Reproduce everything from the line that contains "Regular price ₹" down to the line that contains "This elegant marble" in the listing below, word for word and nothing more. Leave the pictures out.

[[ Supplied records, beginning ]]

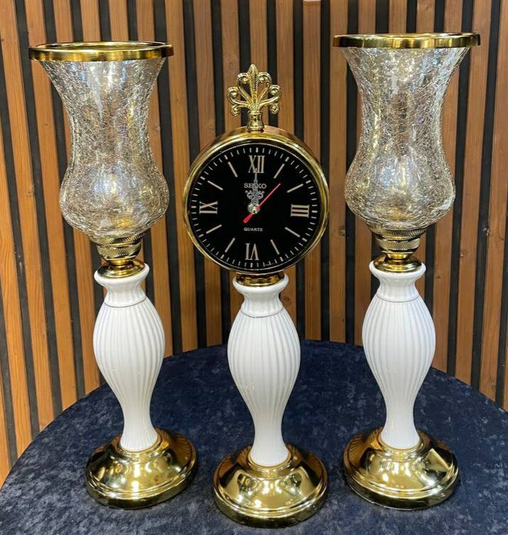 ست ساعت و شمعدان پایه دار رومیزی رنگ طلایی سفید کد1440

[[ Supplied records, end ]]
[[ Supplied records, beginning ]]

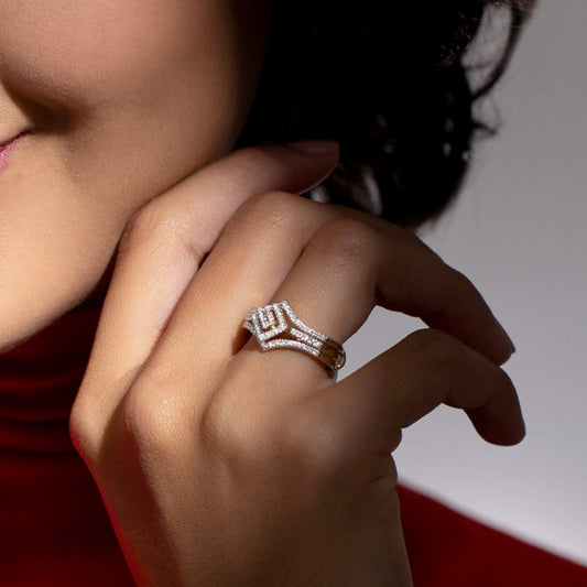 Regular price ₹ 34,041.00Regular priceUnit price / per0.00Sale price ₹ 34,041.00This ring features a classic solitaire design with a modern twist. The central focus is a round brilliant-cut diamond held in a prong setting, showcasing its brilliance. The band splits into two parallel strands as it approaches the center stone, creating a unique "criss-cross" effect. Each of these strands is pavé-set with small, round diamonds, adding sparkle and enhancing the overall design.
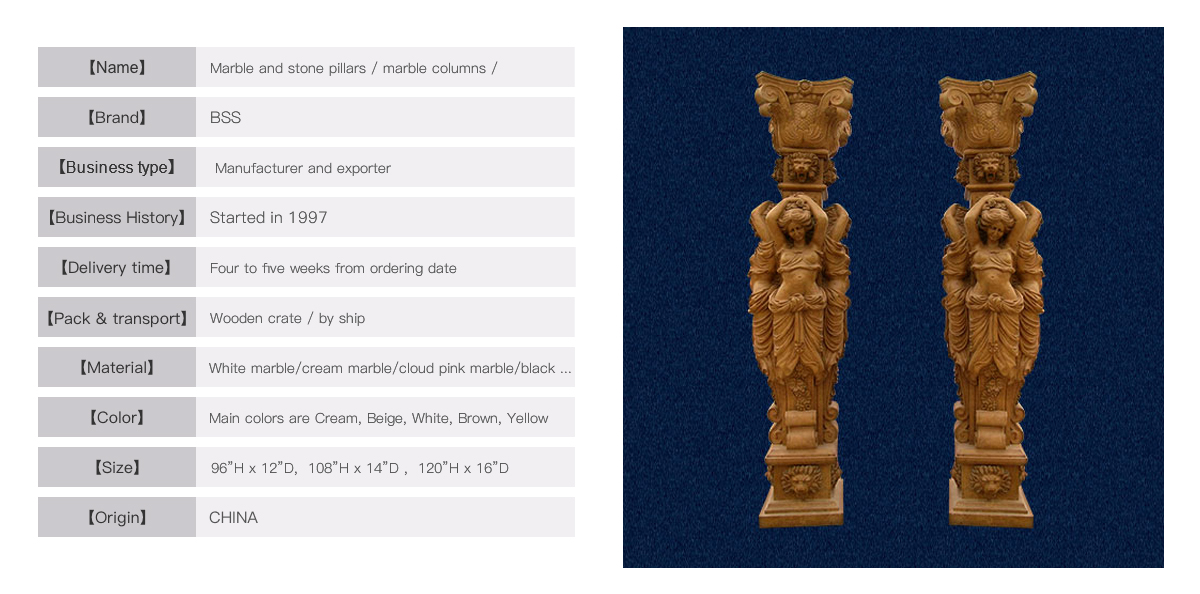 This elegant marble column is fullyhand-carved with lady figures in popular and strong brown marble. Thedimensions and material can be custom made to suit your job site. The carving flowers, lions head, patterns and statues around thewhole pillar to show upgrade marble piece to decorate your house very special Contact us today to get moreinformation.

[[ Supplied records, end ]]
[[ Supplied records, beginning ]]

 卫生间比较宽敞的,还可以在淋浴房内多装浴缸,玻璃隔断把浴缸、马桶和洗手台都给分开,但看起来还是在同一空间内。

[[ Supplied records, end ]]

Finished task:
 Regular price ₹ 34,041.00Regular priceUnit price / per0.00Sale price ₹ 34,041.00This ring features a classic solitaire design with a modern twist. The central focus is a round brilliant-cut diamond held in a prong setting, showcasing its brilliance. The band splits into two parallel strands as it approaches the center stone, creating a unique "criss-cross" effect. Each of these strands is pavé-set with small, round diamonds, adding sparkle and enhancing the overall design.
 This elegant marble column is fullyhand-carved with lady figures in popular and strong brown marble. Thedimensions and material can be custom made to suit your job site. The carving flowers, lions head, patterns and statues around thewhole pillar to show upgrade marble piece to decorate your house very special Contact us today to get moreinformation.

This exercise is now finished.